======== Data ========
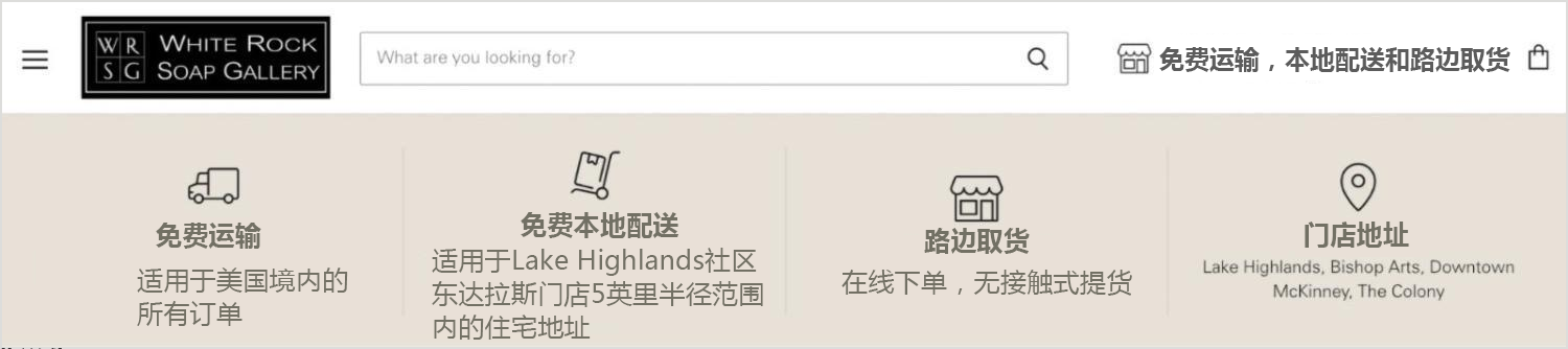 美国品牌White Rock Soap Gallery在德克萨斯州有五家实体店,其电商业务的规模也相当可观。除了路边取货、邮寄和其他配送选项外,品牌还提供从实体店出发的本地配送服务。
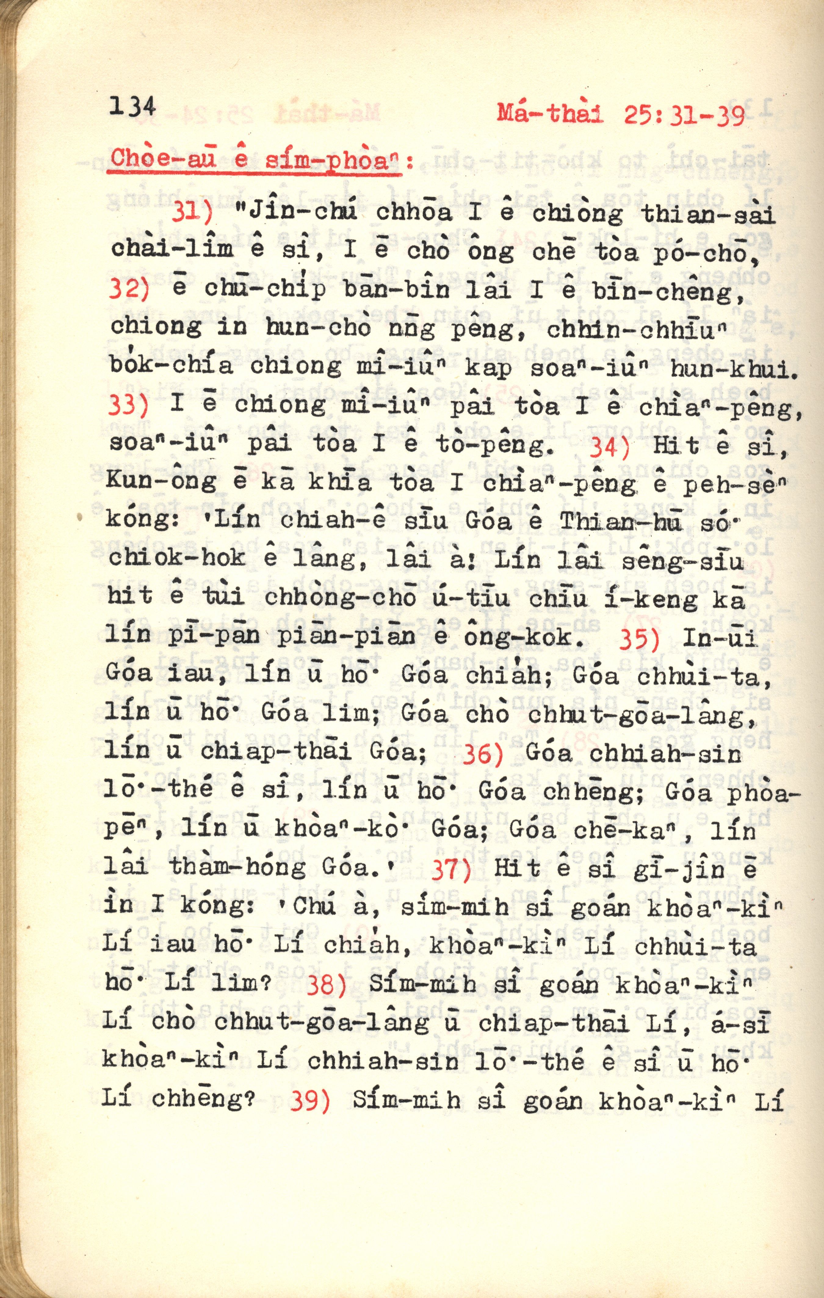 1972年新约红皮圣经 马太福音 25 章 31 节到 25 章 39 节
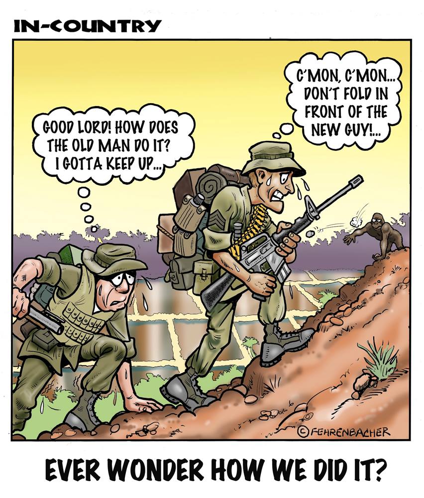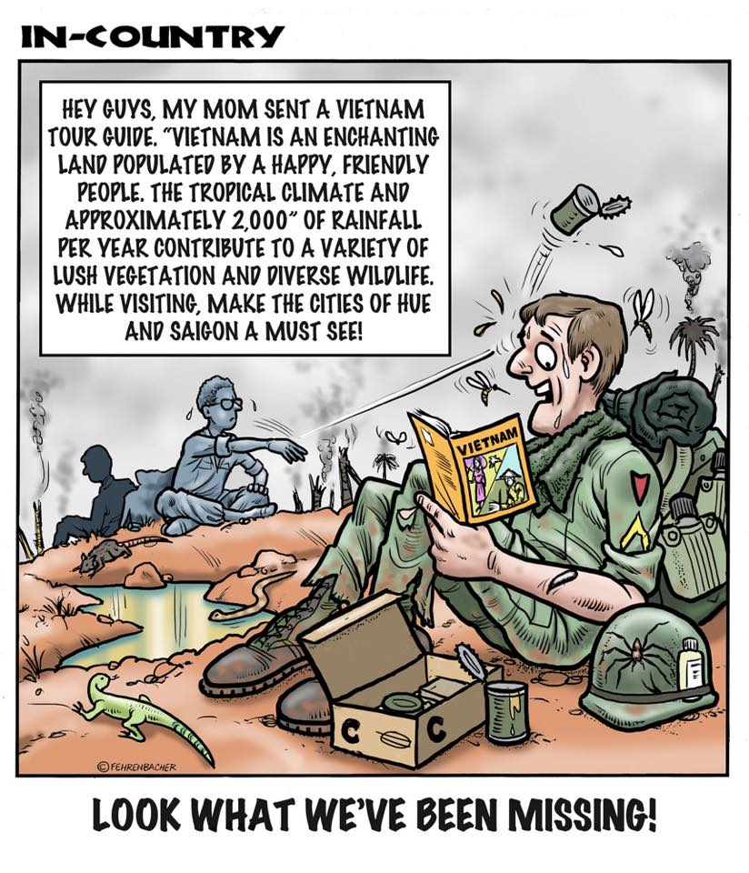 Phil enlisted in the Army in 1965 where you served for years in Vietnam. He became a graphic designer and has worked for the state of Oregon for 26 years. He retired in 2003 and started the Cartoon "In-Country". The cartoons reflect his experiences during his tour of duty in South Vietnam.
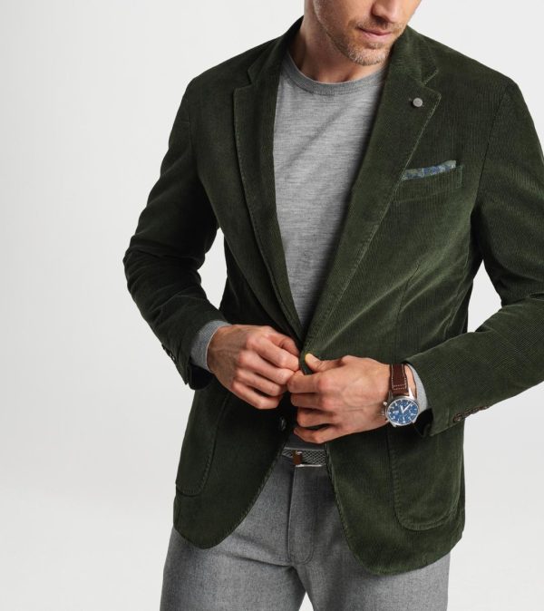 Experience timeless cool-weather sophistication with this exceptionally soft jacket, expertly crafted from premium cotton corduroy featuring subtle stretch for enhanced mobility. Designed with a natural shoulder construction and half-lined interior for effortless comfort and easy layering. Elevate your style with refined details including a classic notched lapel, elegant barchetta chest pocket, artful teardrop buttonholes, and sophisticated finishing touches like a hand-tacked lapel pin and genuine Italian horn buttons.
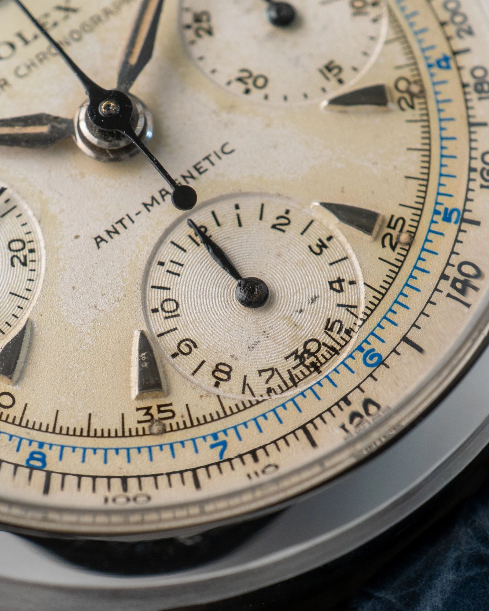 Die wunderschön patinierte cremefarbene Zifferblatt zeigt eine auffällige blaue Telemeterskala neben einem Tachymeter, eine Kombination, die einst von Rennfahrern bevorzugt wurde, um sowohl Entfernung als auch Geschwindigkeit zu messen.
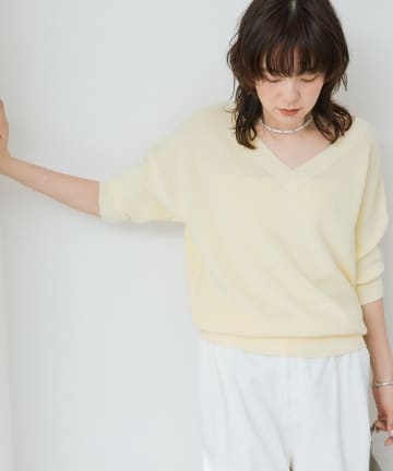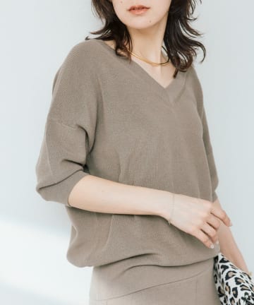 【手洗い可能】ギマコットン片畦Vネックニット
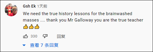 “我们需要给被洗脑的大众上真正的历史课....谢谢你,加洛韦先生,你才是真正的老师。”
========
_Exercise requirements_:
For this answer, return word for word the lines from the first line of the records through the line containing "1972年新约红皮圣经 马太福音 25 章 31 节到 25 章 39 节". Omit the pictures.

_Written response_:
 美国品牌White Rock Soap Gallery在德克萨斯州有五家实体店,其电商业务的规模也相当可观。除了路边取货、邮寄和其他配送选项外,品牌还提供从实体店出发的本地配送服务。
 1972年新约红皮圣经 马太福音 25 章 31 节到 25 章 39 节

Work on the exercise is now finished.